Commander Massingham said firefighters were being rotated in an attempt to get them back to normal sleep patterns before returning to the scene.

Temperatures will warm today to four degrees above average with warmer conditions continuing through the weekend.

"We have no individual area of concern throughout the Sunshine Coast zone," Commander Massingham said.

"It's very dry and hinterland and hilly, densely-populated areas around Buderim will be watched.

"Fire fighters will remain be vigilant in their own patches, take stock and be ready to respond."

The response to the Peregian blaze was in line with a weight of attack strategy already being labelled the swiftest in Queensland's firefighting history.

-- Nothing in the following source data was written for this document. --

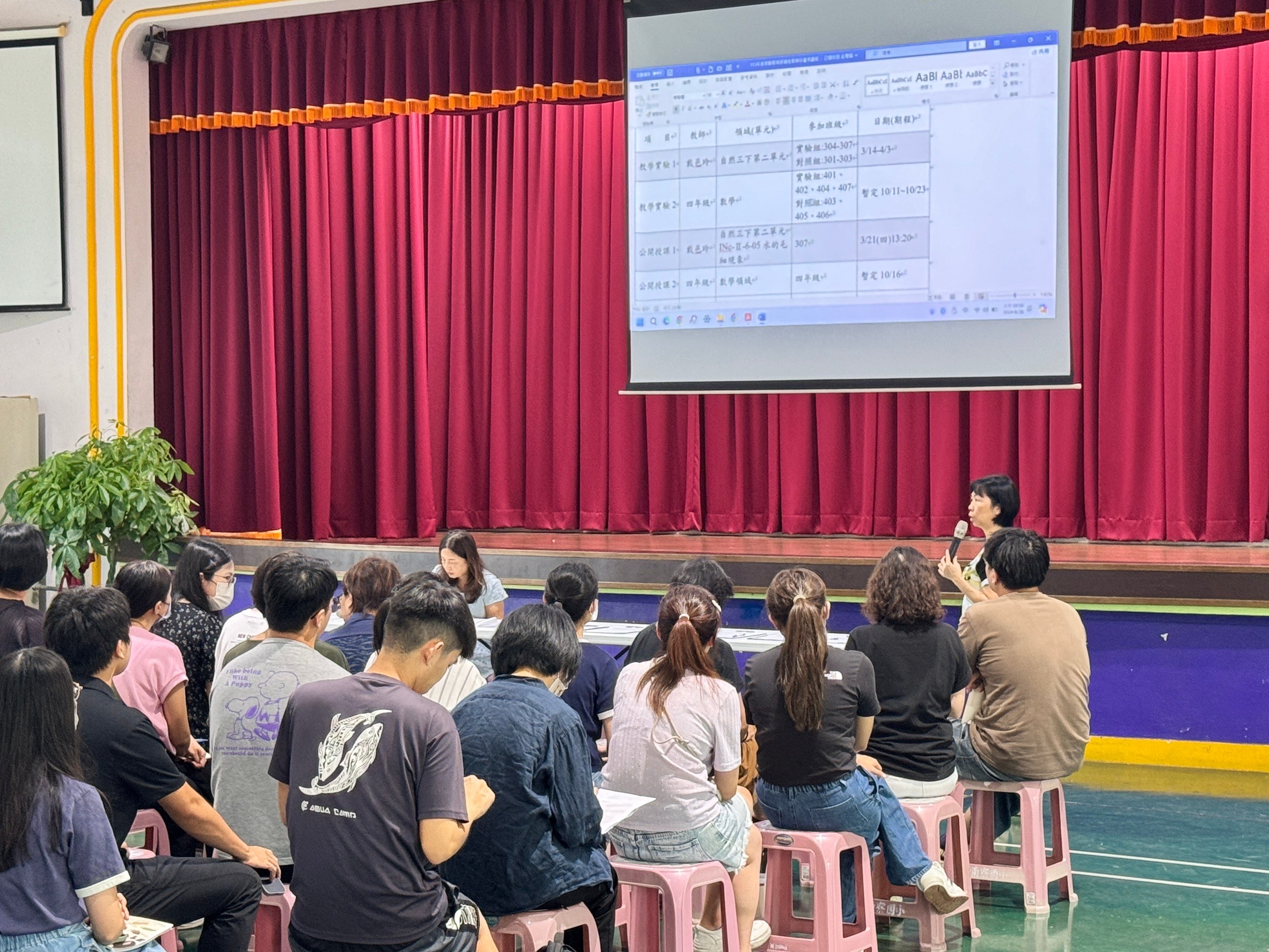接著,由教務主任說明數位學習精進方案與適性教學計畫的執行規劃,包括各學年數位學習平台與工具導入教學的作法、社群運作模式與公開授課安排。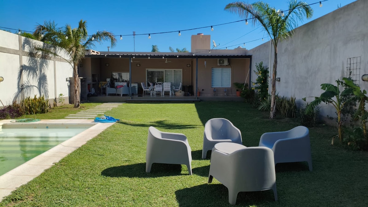 Relax with family and friends in this calm house! Here you don't shares common spaces with other people. This house incluide all services like wi-fi, bedding, air aconditioning (hot and cold), hot water, barbecue and Tv. Enjoy the garden with plants and swimming pool. We are from 10 min to the city center. You'll have all services and commerces in an area of 500 mts (restaurants, shopping).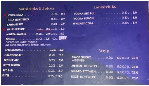 Wir hatten 3 Cola und 2 Wasser bestellt. Lt. Karte sollte die Cola 2,90 EUR kosten und das Wasser 2,00 EUR. Das Wasser wurde jedoch zu 2,90 EUR abgerechnet, angeblich, weil die Auszeichnung auf der Karte falsch sei. Im Internet sei es richtig. Wenn ich in ein Restaurant gehe, interessieren mich keine Internetpreise. Außerdem standen 4 Softdrinks zu viel auf der Rechnung. Hier begann wieder eine Diskussion. Immerhin wurden dann die 11,60 EUR wieder von der Rechnung gestrichen. Leider habe ich übersehen, dass 2 x Wein zu viel abgerechnet wurden, d. h. 10 EUR.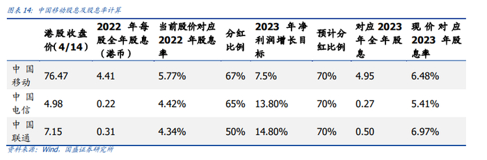公司发布2022年年报。3月23日,中国移动发布2022年年报,公司2022年收入9373亿元,同比增长10.5%。公司归母净利润为1254.6亿元,同比增长8%,每股盈利为5.88元。董事会建议2022年全年派息率为67%,2022年全年股息为每股4.41港元,同比增长8.6%。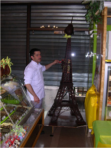 Le chocolatier Laurent Demoncy de la pâtisserie de l'Eglise lui rend un hommage chocolaté, à l'occasion de la candidature française au JO pour 2012. Une grandeur à la hauteur de la grande dame, pas moins de deux mètres de chocolat à faire tenir debout. Un exploit réalisé par ce chocolatier Laurent Demoncy !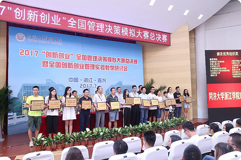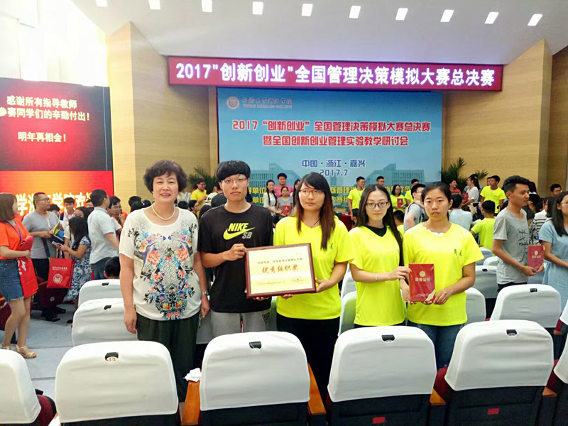 2017年大赛自2016年9月启动,全国约700多所高校31000多支代表队踊跃参与,我院代表队经过校内初赛、大区复赛、全国半决赛的层层考验后,晋级由96支队伍组成的全国总决赛。参赛队伍于同济大学浙江学院展开巅峰对决,按照比赛规则完成了竞争激烈的6轮企业经营竞赛环节。我院代表队根据商战管理模拟竞争环境的变化,随机应变,灵活地将掌握的理论知识与实践紧密结合,积极应对企业经营过程中出现的问题,不断调整经营策略,赢得有利战机,最终取得全国总决赛一等奖的好成绩,并获得优秀组织奖,为我院争得荣誉。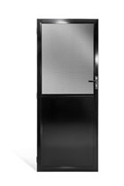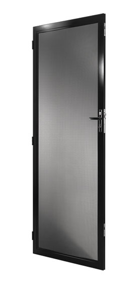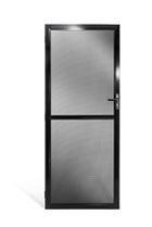 The solid panel can be any height you like. It can also be any colour you like – matched to the frame or black like the ForceField® mesh. Strength is not compromised in a solid panel door, the panel is made of 1.2 mm solid aluminium.

In the course of just a three-hour period the number of crews at the scene exploded from one truck to 115, leaving just three at stations across the entire region.

"It used to be one truck for 10 hours, now it's a 10-trucks for one-hour approach," Commander Massingham said.

"We try to get them under control as quickly as we can.

"There was so much residential property and commercial assets in the line of fire.

"There was no way we could stop it, but we could guide it.

"Each individual and crew where ever they were used tactics that were resourceful and came out on top.

"We pushed it away from homes and infrastructure and into open country.

"It was absolutely incredible."

Commander Massingham met yesterday with the Premier Annastacia Palaszczuk and the Assistant Commissioners for Police and Fire Services who later toured the fire ground boundaries and then flew over it.